According to Amazon, the number of active AWS users exceeds 1,000,000. Whether it’s technology giants, television networks, banks, food manufacturers, or governments, many different organizations are using AWS to develop, deploy, and host applications.
Here are the names of some company who use AWS:-
Adobe, Autodesk, Canon, Coursera, Disney, Docker, Reddit, Philips, Slack, Sony, Ubisoft, HTC, Nokia, SAP, Johnson & Johnson, ESPN.
According to Intricately, the top ten AWS users based on EC2 monthly spend are:-
- Netflix: $19 million
- Twitch: $15 million
- LinkedIn: $13 million
- Facebook: $11 million
- Turner Broadcasting: $10 million
- BBC: $9 million
- Baidu: $9 million
- ESPN: $8 million
- Adobe: $8 million
- Twitter: $7 million
Using AWS IoT, Amway Developed First Internet-Connected Product:-
Amway is the number one direct-selling business in the world, according to the Direct Selling News 2017 Global 100, with more than $8.8 billion in sales revenue. Amway sells a breadth of nutrition, beauty, and home products through a network of millions of independent sales distributors. Despite the company’s huge size and global footprint, however, its initiative to develop Internet-connected products — or Internet of Things (IoT) Devices.
Amway conducted a four-month evaluation of different IoT platforms, ultimately choosing AWS IoT. AWS’s scalability, global presence, maturity in the IoT space, security, and outstanding professional services were the deciding factors for Amway. Amway implemented its IoT platform in a serverless architecture using AWS IoT. It used other AWS services — including AWS Lambda, Amazon API Gateway, and Amazon DynamoDB — to implement key features for its connected devices, including:
- Command and control — the ability to send commands to devices anywhere in the world and get a response.
- Firmware updating — the ability to automatically update features on its devices.

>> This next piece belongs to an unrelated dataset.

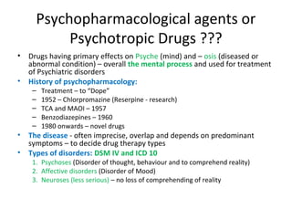 The document outlines the historical development and classification of psychopharmacological drugs for treating psychiatric disorders, detailing types of mental illnesses such as psychoses, affective disorders, and neuroses. It discusses the pharmacological properties, mechanisms of action, and side effects of various drugs including phenothiazines and butyrophenones, with a focus on their efficacy in managing symptoms of schizophrenia and mood disorders. Additionally, the text emphasizes the importance of individualized treatment approaches based on patient responses and specific symptomatology.
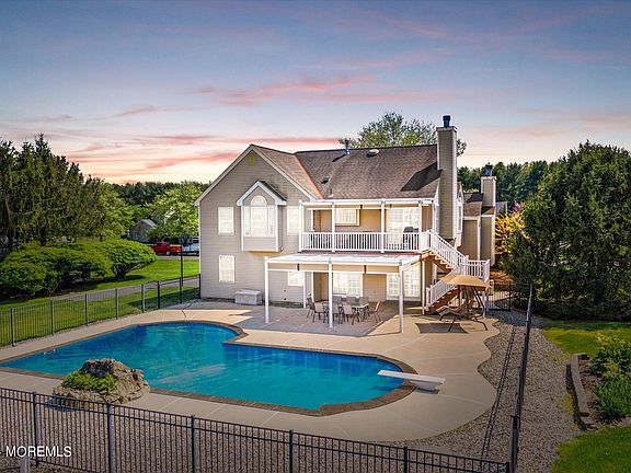 Proudly presenting this wonderful property in one of Plumsted's most desirable neighborhoods. This contemporary style home boasts over 2,400 square feet with 4 bedrooms, 3 full baths and spacious living quarters. Vaulted ceilings in the foyer greet you upon entering and adds a sense of open and airiness to the home. On the left, find a generously sized living room with a large palladium window and wood burning fireplace. Upstairs the formal dining room overlooks the living room. The gorgeous eat-in kitchen features vaulted ceilings, granite countertops, a large center-island. stainless steel appliances, and hardwood floors. Three of the four bedrooms can be found on the second floor, including the master bedroom and two full baths, b both fully renovated with granite countertops and tiled showers. The first floor can serve as an in-law suite with the fourth bedroom, full bath, family room with fireplace, and sliding glass doors leading to the patio. Find tranquility in the resort-like backyard with a heated in-ground pool fully equipped with a built-in cleaning system and waterfall feature. Two shade awnings over the patio and back deck allow you to comfortably enjoy summer days and nights. An outdoor gas line is offered for BBQ hookup. Sliding glass doors off the kitchen open to a deck which overlooks the pool and the cleared backyard. Additionally, this property has a 20x12 storage shed, central vacuum system, Automatic Core 7K Generator, 9-zone sprinkler system, and has been freshly painted. Don't hesitate to schedule a private tour of this home as it won't last long on the market!

- Telemetry data capture — the ability to continuously collect data from devices and transform that data for later analysis or use in real-time.
- Just-In-Time Registration — the ability to securely onboard a device to the AWS IoT platform.
- Device pairing — the ability to know a device owner is the only one who can control the device.
Several AWS teams worked with Amway and Atmel (now Microchip), to implement Just-in-Time certificate registration for Amway’s connected devices. Just-in-Time Registration is a new AWS IoT process that automatically registers new device certificates as part of the initial communication between the device and AWS IoT, creating a seamless, highly secure user experience. With AWS Just-in-Time Registration, users are assured their Amway device will talk only to Amway’s AWS IoT platform — not to a different IoT platform or a hacked version that sits in between. For Amway, Just-in-Time Registration ensures a given device truly is an Amway manufactured device, and not a fake. For Amway’s devices, Just-in-Time Registration is handled by the Atmel microprocessor within each unit.
When it came to designing the architecture required for its IoT platform, Amway used AWS Professional Services to help it create a continuous integration and continuous delivery (CI/CD) pipeline to automate the delivery of platform software updates.
By using AWS serverless architecture, Amway has been able to take a very lean, agile approach to its IoT effort. “We didn’t need to invest in IT infrastructure because AWS offered a serverless architecture — that in and of itself is a huge saving,” says Binger.
Unilever North America, the U.S. branch of the venerable global-scale manufacturer of food, household, and other consumer products, found that its time-to-market (crucial in the consumer goods industry) was being held back by the lack of standardized technology among its on-premises IT facilities and websites.
Unilever conducted an exhaustive review of the available cloud-based options and finally chose to migrate to AWS, using a full range of AWS services to support 1,700 digital marketing web properties on a worldwide basis.
For Unilever, the advantages include increased speed of rollout for a website (now two days, rather than the pre-AWS average of two weeks), and the increased speed at which changes to a site or a marketing campaign can be made. Unilever also uses AWS for comprehensive backup and disaster recovery, and rapid deployment of standardized infrastructure.
Since launching in 2006, AWS has expanded exponentially, with Statistical stating that net sales were $25.5 billion in 2019; a significant growth compared to the $17.5 billion it made a year before.